After the execution, Lawrence Schiller, a young photographer and producer, reached out to Gilmore’s family, friends and former lovers, and began the process of interviewing them and collecting data. Once he’d collected the data, he reached out to Norman Mailer, who at the time was a well-known author and asked him to convert the information into a novel. From that mountain of information and correspondence, Mailer was able to create a meticulously detailed account of Gilmore’s life. In fact, Mailer once remarked about the novel that he was given the book whole and complete from God. But what did the novel achieve by chronicling Gilmore’s life this way? For many, it humanised a cold-blooded killer and shed insight into the life of a man who was chalked up by an entire nation as nothing more than a dangerous and unpredictable killer. However, if it were to be looked at as a whole, the story begs the question: Over four decades after Gilmore was shot to death by a firing squad, where do we as a society stand on capital punishment?

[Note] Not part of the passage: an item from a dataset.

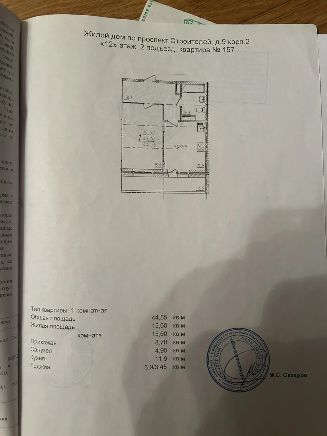 1-комнатная, уютная квартира площадью 44.55 кв.м.. С просторными правильной прямоугольной формы комнатой 15.6 кв.м. и кухней 11.9 кв.м., а также имеется гардеробная комната и просторный санузел 4.9 кв.м.. Квартира располагается на 12 этаже 19 этажного кирпичного дома что обеспечивает хорошую освещенность в любое время года. В квартире выполнен качественный предчистовой ремонт к которому прилагается проект, установлена красивая прочная дорогостоящая дверь, полностью выполнена электроразводка. Все грязные работы завершены, стены полы и потолки идеально ровные.

In Pakistan, the moratorium on capital punishment was lifted in 2014, after a gruesome attack on Peshawar’s Army Public School on December 16, 2014 left more than 150 people dead. Soon after, a National Action Plan was laid out to curb militancy in the country. The plan included lifting the six-year ban on death penalty. Initially, executions were only reinstated for those convicted of terrorism but by March 2015, the punishment was extended to all capital offences. At the time when the ban was lifted in 2014, Pakistan had the world’s largest number of death row prisoners: Nearly 8,000 inmates were toiling in prisons across the country. UN human rights spokesperson Rupert Colville urged Pakistan not to carry out the executions and human rights activists appealed to the government to reconsider their decision as many innocent people also stood to lose their lives from the decision. However, the government, in a decision fueled by the outrage over the Peshawar attack, chose to forge ahead with their chosen course of action. Two executions were carried out in a matter of days after the attack on the army school.

 

Pakistan, currently, is one of 56 countries in the world that still practices death penalty. In 2019, according to Amnesty International, it continued to hold the world’s largest death row population with 4, 225 people still awaiting their execution. The human rights organisation also reports that in 2019, 632 death sentences were given by Pakistani courts. Moreover, Pakistan’s penal code encompasses the death penalty for 33 crimes, which include, murder, kidnapping, adultery, gang rape and blasphemy.

 

For decades, the Pakistani police force has been notorious for extracting coerced confession through excessive use of violence. In many cases, suspects have been known to admit to the crime just from their sheer desperation for the torture inflicted by law enforcement officers to be over. The officers for their part can consider the matter closed so long as they’ve found someone to pin the crime on. Add to that, limitations in collection of forensic evidence and corruption in the form of overlooking the role of connected and influential guilty parties, have all contributed to the disparity and dilution of the rule of law within the justice system. And within that landscape, what now remains to be question is whether as a society to we want to responsible for punishing someone we can’t without a shadow of a doubt say is hundred per cent guilty of the crime. Or for that matter, can we ask ourselves if we want to be responsible for punishing someone and taking their lives even if they are guilty?